Task => Emit the data below verbatim, stripping out any pictures.

Collected data =>

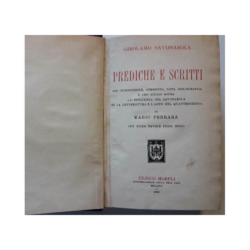 In 8', leg. amatoriale, con tit. in oro al dorso, sguardie a motivi geometrici, , pp. XI, 426, con introduzione, commento, nota bibliografica e uno studio sopra "l'influenza del Savonarola su la letteratura e l'Arte del Quattrocento di Mario Ferrara con XXXII tav. in n. f.t.; volume in buono stato, abrasione al dorso,timbro numerico all'occhiello, ordinari segni del tempo.Luogo di pubblicazione MilanoEditore HoepliAnno pubblicazione 1930Materia/Argomento Arte, Letteratura, Filosofia ***Due to bureaucratic reasons, books dated over 70 years old cannot be immediately exported, please contact us before placing the order.***
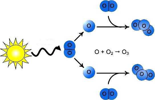 Непосредственно у поверхности нашей планеты всегда присутствует некоторое количество молекул О3, но с высотой концентрация соединения возрастает. Образование этого вещества происходит в стратосфере благодаря ультрафиолетовому излучению Солнца, несущему большой запас энергии.
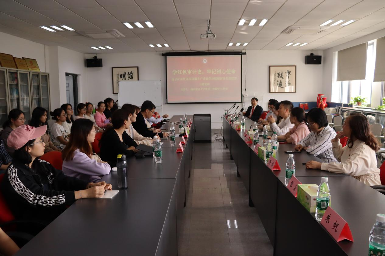 参观完王荷波纪念馆,全体联盟成员单位代表前往南京审计大学敏达楼学习“学红色审计史,牢记初心使命”专题党课。本次专题党课由南京审计大学资深二级教授江世银主讲,他从中国红色审计回顾、准确理解把握新时代的特定内涵、审计监督的几个方面以及新时代审计的几点思考这四个方面介绍了红色审计与审计精神的内涵与意义,带领联盟成员单位代表深刻体会红色审计的发展脉络。白菜论坛 师生、党建联盟成员单位代表共50余人参加。

Task result =>
 In 8', leg. amatoriale, con tit. in oro al dorso, sguardie a motivi geometrici, , pp. XI, 426, con introduzione, commento, nota bibliografica e uno studio sopra "l'influenza del Savonarola su la letteratura e l'Arte del Quattrocento di Mario Ferrara con XXXII tav. in n. f.t.; volume in buono stato, abrasione al dorso,timbro numerico all'occhiello, ordinari segni del tempo.Luogo di pubblicazione MilanoEditore HoepliAnno pubblicazione 1930Materia/Argomento Arte, Letteratura, Filosofia ***Due to bureaucratic reasons, books dated over 70 years old cannot be immediately exported, please contact us before placing the order.***
 Непосредственно у поверхности нашей планеты всегда присутствует некоторое количество молекул О3, но с высотой концентрация соединения возрастает. Образование этого вещества происходит в стратосфере благодаря ультрафиолетовому излучению Солнца, несущему большой запас энергии.
 参观完王荷波纪念馆,全体联盟成员单位代表前往南京审计大学敏达楼学习“学红色审计史,牢记初心使命”专题党课。本次专题党课由南京审计大学资深二级教授江世银主讲,他从中国红色审计回顾、准确理解把握新时代的特定内涵、审计监督的几个方面以及新时代审计的几点思考这四个方面介绍了红色审计与审计精神的内涵与意义,带领联盟成员单位代表深刻体会红色审计的发展脉络。白菜论坛 师生、党建联盟成员单位代表共50余人参加。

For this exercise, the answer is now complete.